Configure Context Compression — Handle Long Conversations
Set up automatic context compression so Hermes can handle long conversations without running out of context window.
Long conversations eventually hit the model's context limit. Hermes's context compression automatically summarizes older turns to make room for new messages — you get infinite conversations without losing important context.
Managed cloud · API costs included · Skill library · Cancel anytime
Before you start:
- ☑Hermes Agent installed
- ☑Understanding of token limits and context windows
Steps
- 1
Enable compression
In config.yaml, set compression: enabled: true
- 2
Set the threshold
Set compression: threshold: 0.50 to compress at 50% of context limit
- 3
Configure target ratio
Set compression: target_ratio: 0.20 to preserve 20% as recent context
- 4
Protect recent messages
Set compression: protect_last_n: 20 to always keep last 20 messages intact
- 5
Choose a compression model (optional)
Set auxiliary: compression: model: google/gemini-3-flash-preview
Pro Tips
- 💡Lower threshold values trigger compression earlier — use 0.50 for aggressive compression, 0.80 for late compression
- 💡The first 3 turns (system prompt, initial request, first response) are always protected
- 💡Compression uses a fast/cheap model (Gemini Flash) by default — minimal cost impact
- 💡Use /compress <focus> to manually trigger compression with a specific focus topic
Troubleshooting
❌ Agent forgets important earlier context
✅ Increase protect_last_n to keep more recent messages. Also ensure critical information is in MEMORY.md for persistent recall.

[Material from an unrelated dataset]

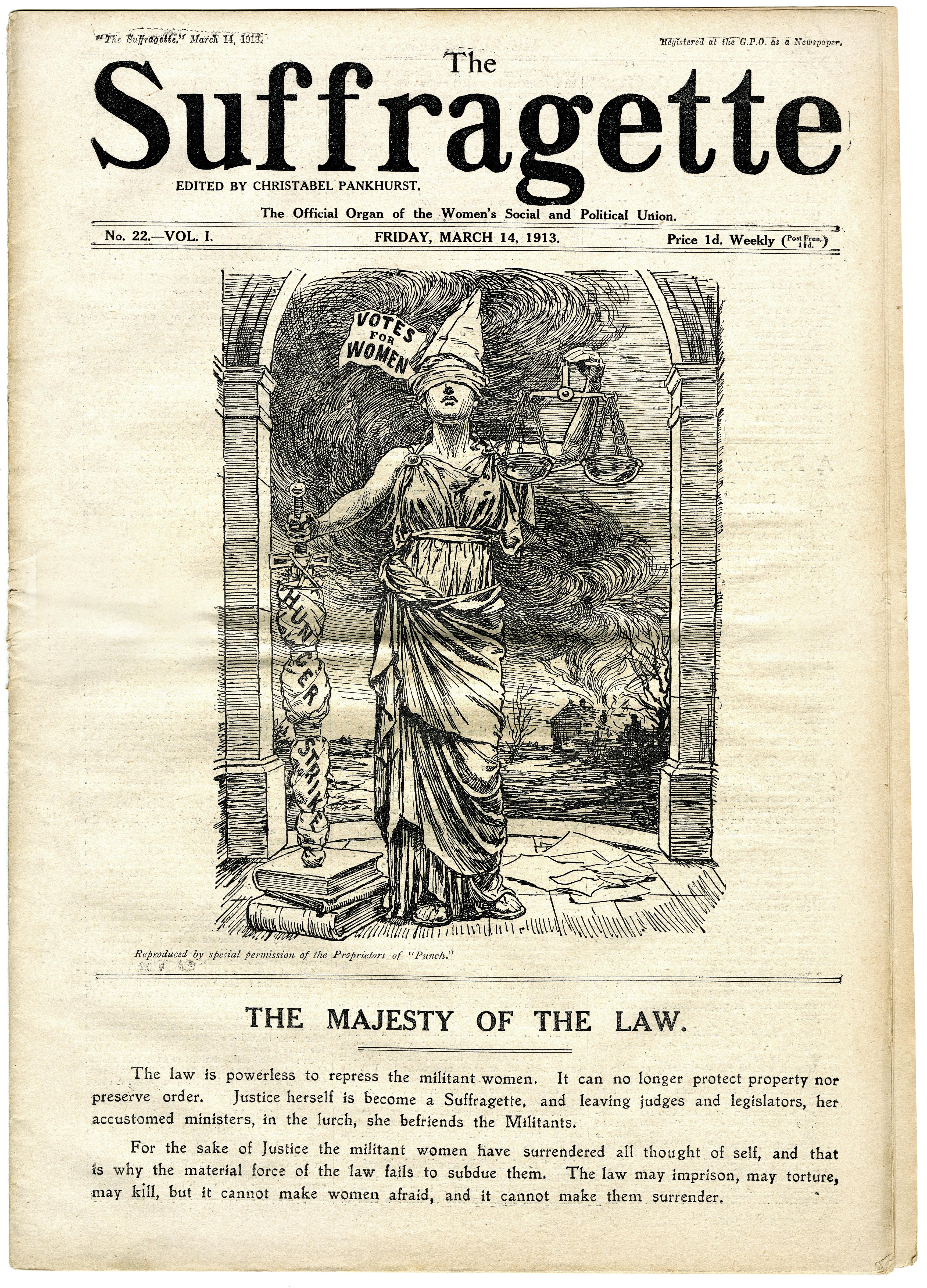 National Archives UK. “The Majesty of the Law: The law is powerless to repress the militant women. It can no longer protect property nor preserve order. Justice herself is become a Suffragette, and leaving judges and legislators, her accustomed ministers, in the lurch, she befriends the Militants. For the sake of Justice the militant women have surrendered all thought of self, and that is why the material force of the law fails to subdue them. The law may imprison, may torture, may kill, but it cannot make women afraid, and it cannot make them surrender.” The Suffragette, March 14, 1913.

❌ Compression happens too often
✅ Increase threshold from 0.50 to 0.70 or 0.80 to delay compression until more of the context window is used.
❌ Compression summaries are low quality
✅ Change the compression model to a higher-quality option: auxiliary: compression: model: anthropic/claude-3-haiku
❌ Context pressure warnings but no compression
✅ Check that compression: enabled: true is set. Also verify your model's context_length is correctly detected.